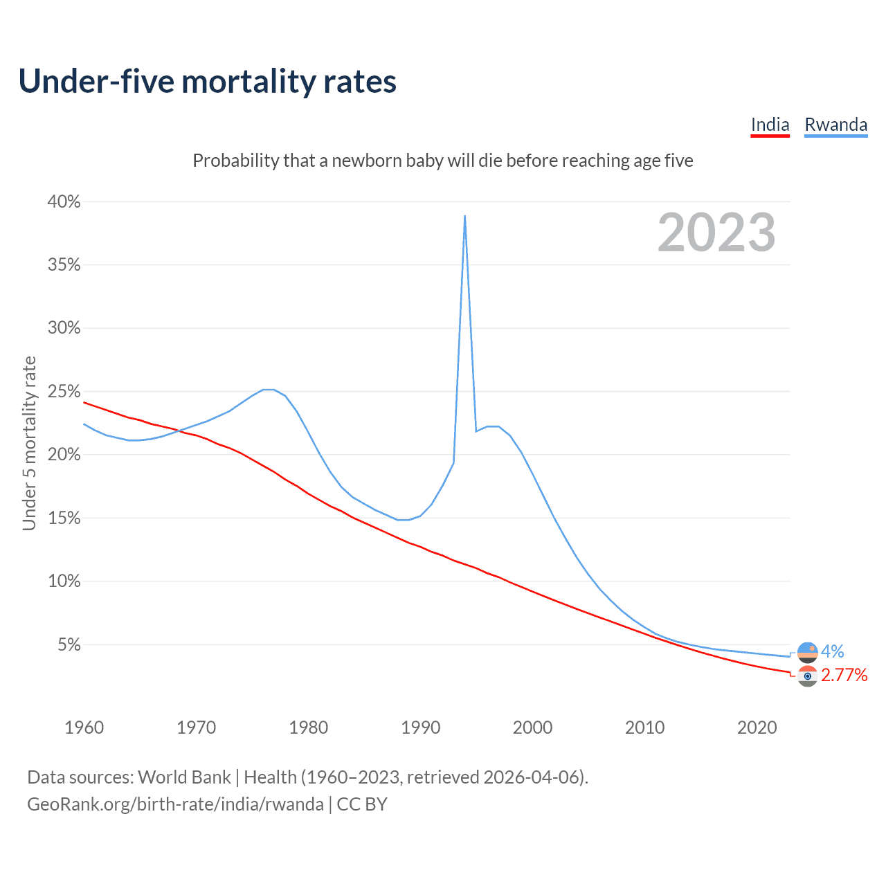 The chance that a newborn baby will die before reaching age five is 2.77% in India and 4% in Rwanda. Above is a chart with historical data on under-five mortality rates.
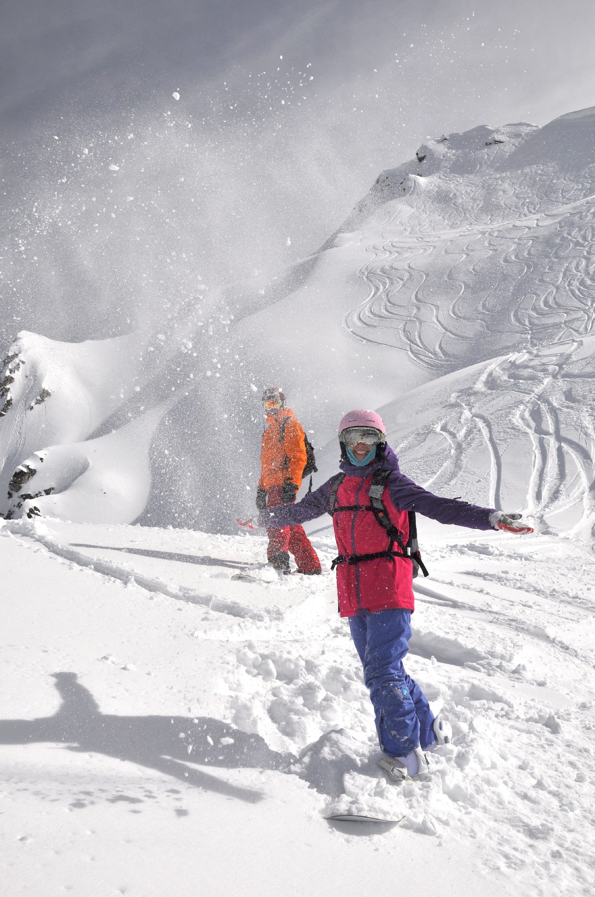 Для таких как мы специально включали третью очередь подъёмника и мы поднимались на креселке с 3040 до 3165. Далее проходили пешком по гребню (высота 3200м) и спускались через лавиноопасную зону. После схода лавины в начале января 2018 перед этой зоной появились предупредительные таблички и ограждения, но всё равно народу там катается очень много. Мы не пренебрегали безопасностью! Спускались по самой простой линии, аккуратненько уан бай уан и останавливались фоткаться только в безопасных местах) Конечно катались все с лавинным снаряжением.
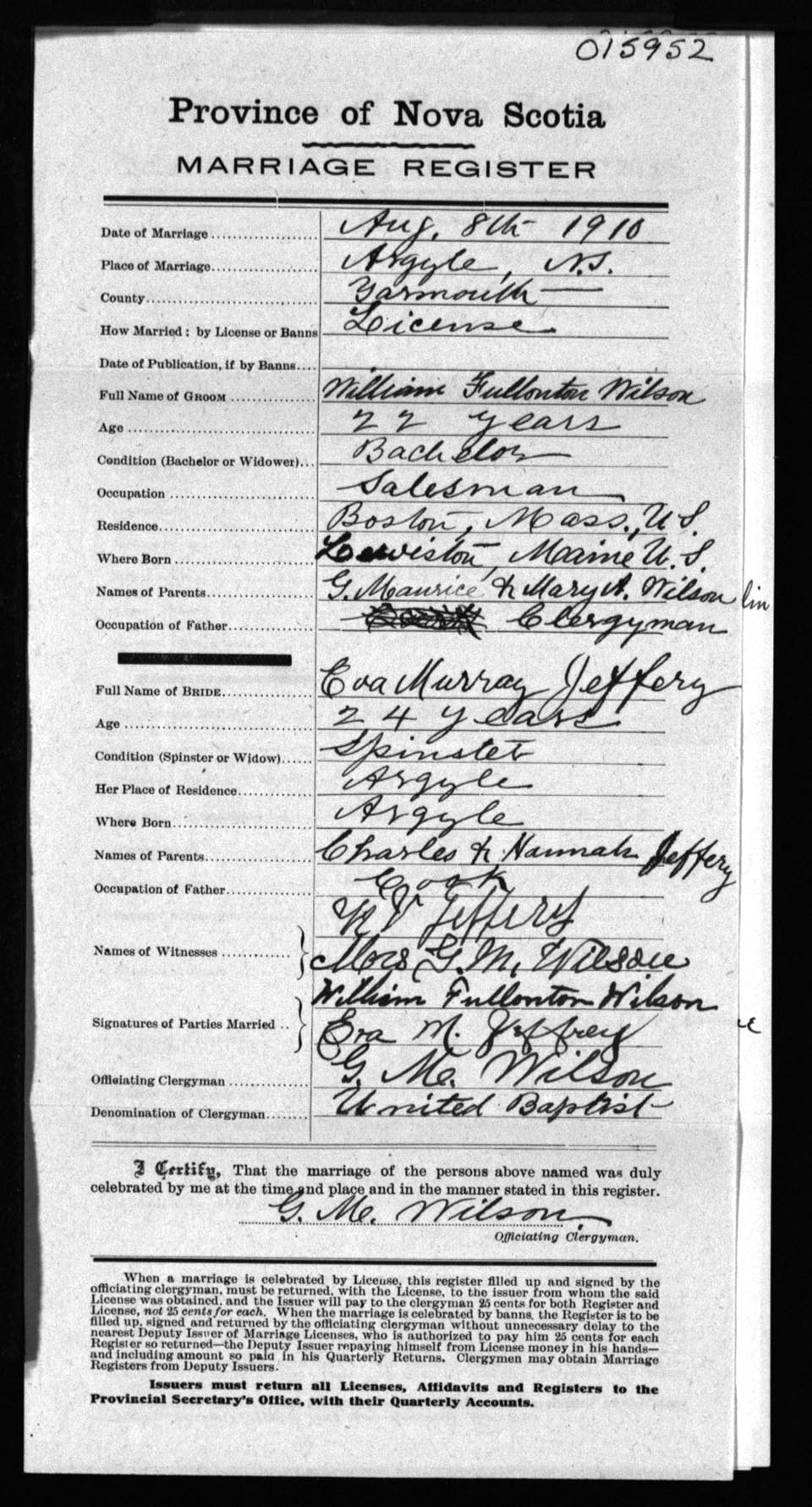 Registration: Year: 1910 number: 15952
---*---
Leaving all pictures aside, print exactly the lines from the one that contains "Для таких как" through the last line of the data above, inclusive.

 Для таких как мы специально включали третью очередь подъёмника и мы поднимались на креселке с 3040 до 3165. Далее проходили пешком по гребню (высота 3200м) и спускались через лавиноопасную зону. После схода лавины в начале января 2018 перед этой зоной появились предупредительные таблички и ограждения, но всё равно народу там катается очень много. Мы не пренебрегали безопасностью! Спускались по самой простой линии, аккуратненько уан бай уан и останавливались фоткаться только в безопасных местах) Конечно катались все с лавинным снаряжением.
 Registration: Year: 1910 number: 15952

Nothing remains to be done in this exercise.